Spratling Michael W
Division of Engineering, King's College, London, UK.
IEEE Trans Pattern Anal Mach Intell. 2005 May;27(5):753-61. doi: 10.1109/TPAMI.2005.105.
In order to perform object recognition, it is necessary to form perceptual representations that are sufficiently specific to distinguish between objects, but that are also sufficiently flexible to generalize across changes in location, rotation, and scale. A standard method for learning perceptual representations that are invariant to viewpoint is to form temporal associations across image sequences showing object transformations.

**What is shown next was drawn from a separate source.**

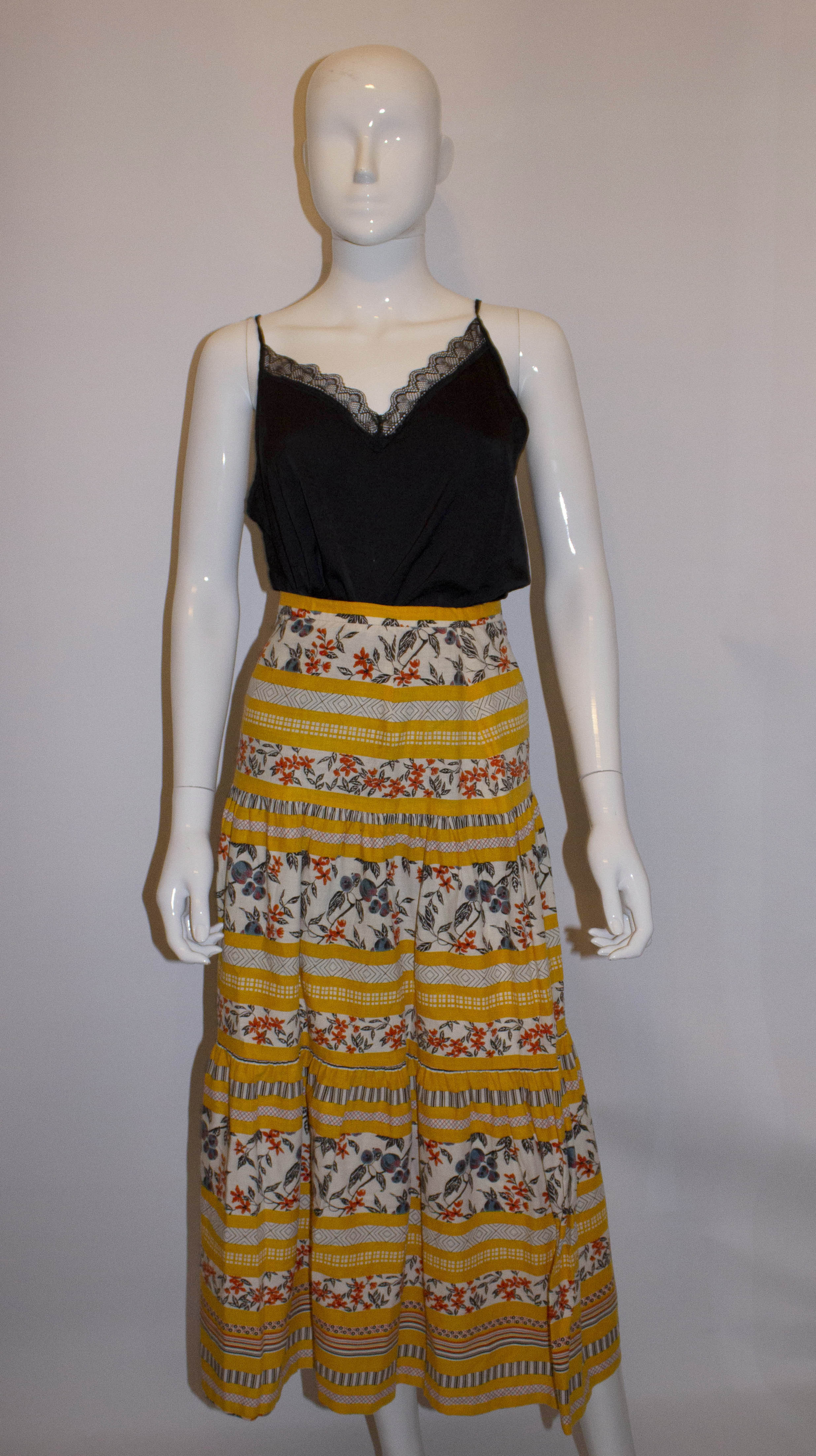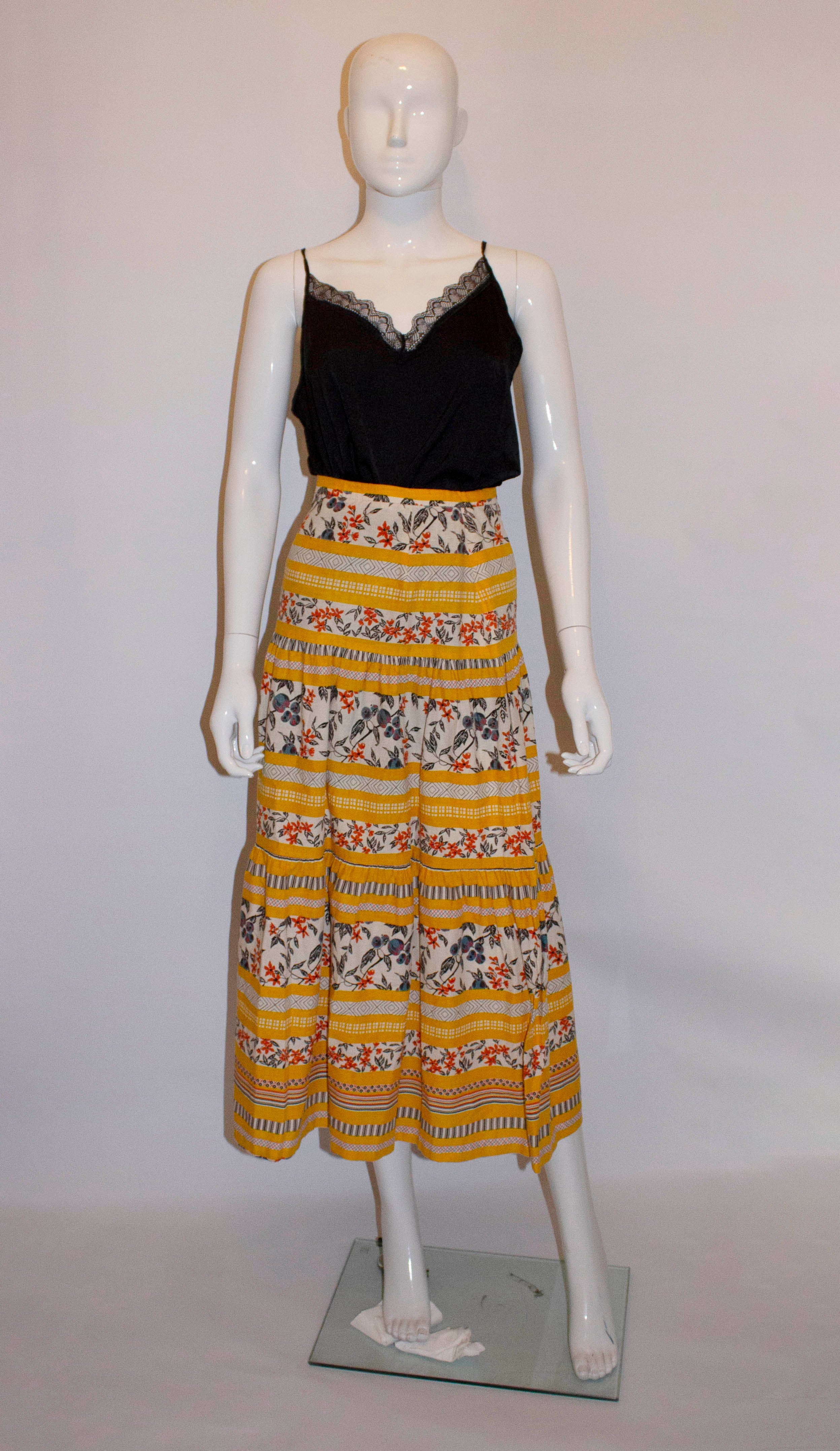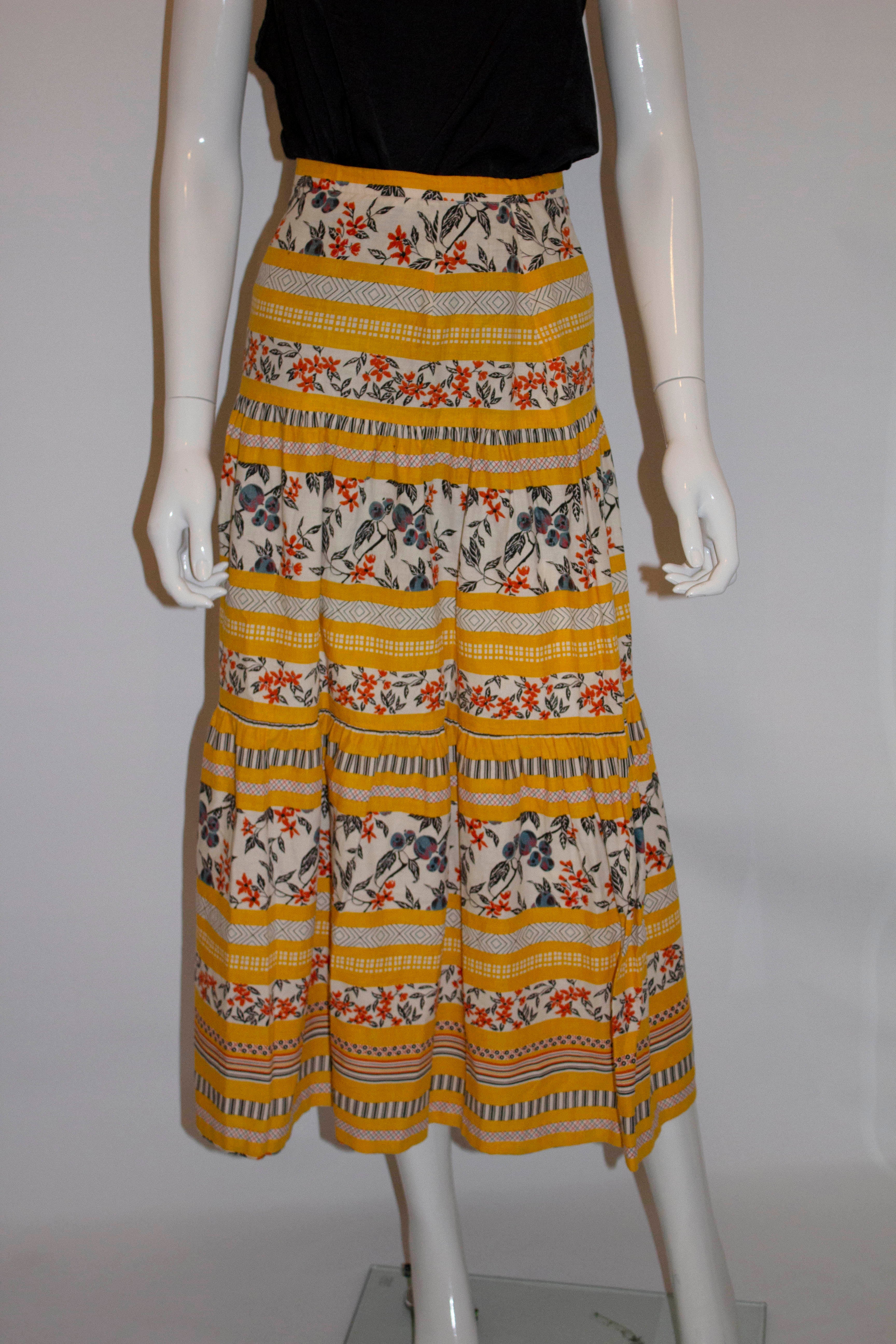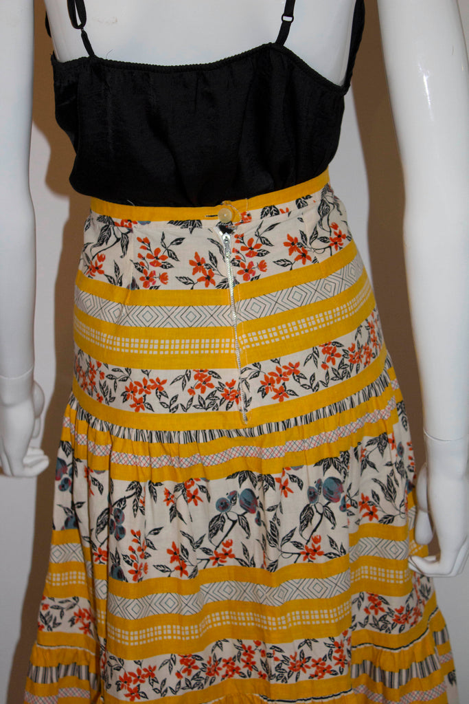 A fun vintage cotton skirt in a great print mix, and in tiers so it wooshes wonderfully as you walk by. In a great colour combination and if you want it to puff more a petticoat could be worn underneath.

However, this method requires that individual stimuli be presented in isolation and is therefore unlikely to succeed in real-world applications where multiple objects can co-occur in the visual input. This paper proposes a simple modification to the learning method that can overcome this limitation and results in more robust learning of invariant representations.
为了执行目标识别,有必要形成足够具体以区分不同目标,但同时也足够灵活以在位置、旋转和比例变化中进行泛化的感知表征。学习对视角不变的感知表征的一种标准方法是在显示目标变换的图像序列中形成时间关联。然而,这种方法要求单个刺激单独呈现,因此在视觉输入中可能同时出现多个目标的现实世界应用中不太可能成功。本文提出了一种对学习方法的简单修改,它可以克服这一限制,并导致对不变表征进行更稳健的学习。